Besonders Betriebsvermögen wird überwiegend von der Besteuerung verschont, damit Unternehmen auch nach dem Tod des Inhabers erhalten werden können. Dafür müssen aber die Betriebe in weitgehend gleichem Umfang weitergeführt werden. So muss beispielsweise die Zahl der Arbeitsplätze erhalten werden. „Wer das nicht mit hoher Wahrscheinlichkeit über einen geeigneten Nachfolger garantieren kann, sollte über andere Vererbungsmodelle, wie etwa eine Stiftung nachdenken“, rät Fachanwalt Paul.
Welche Möglichkeiten eröffnet ausländisches Recht?

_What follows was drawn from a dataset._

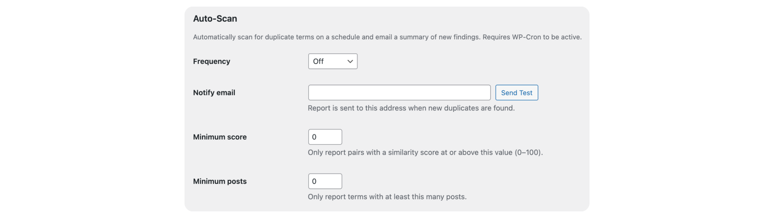 Auto-Scan emails a plain-text report of newly discovered duplicate pairs directly to your chosen address. Send a test email from the settings page to confirm delivery before your first scheduled run.

Sterbefälle nach dem 17. August 2015 regelt die Europäische Erbrechtsverordnung. Sie führt dazu, dass das Erbrecht des Wohnsitzes gilt. Wer also beispielsweise als Rentner in Spanien lebt, muss im Testament deutlich machen, dass „deutsches Recht“gelten soll. Somit kann jeder Erbe die Regelungen seines Heimatlandes als gültiges Recht bestimmen, auch wenn er im Ausland lebt und der Besitz im Ausland liegt. Ausgenommen davon sind Grundstücke sowie Betriebsvermögen. Wer keine Festlegung des Heimatlandes trifft, konfrontiert seine
Nachkommen mit vollkommen fremdem Recht. Somit kann es passieren, dass Geschwister plötzlich einen Pflichtteil beanspruchen können, wie es etwa in Portugal üblich ist. Das EU-Erbrecht gibt Erblassern aber auch Gestaltungsspielraum. So kann über französisches Recht Einfluss auf den Pflichtteil genommen werden, der nach deutschem Recht eigentlich unantastbar ist. Zwar darf man das Erbe testamentarisch bestimmten Personen vermachen, doch den sogenannten gesetzlichen Pflichtteil kann man in Deutschland meist nicht ausschließen.
Wo finde ich Experten?
Die Deutsche Vereinigung für Erbrecht und Vermögensnachfolge (DVEV) hat im Internet (www.erbrecht.de) eine Suchmaschine eingerichtet, in der Fachanwälte für Erbrecht, Notare, Testamentsvollstrecker, Steuerberater oder Nachlasspfleger gefunden werden können. Schiedsleute für Erbrecht findet man bei der deutschen Schiedsgerichtsbarkeit für Erbstreitigkeiten (www.dse-erbrecht.de). Wer sich in erbrechtlichen Fragen beraten lassen will, kann dies meist kostenfrei machen, wenn er rechtsschutzversichert ist.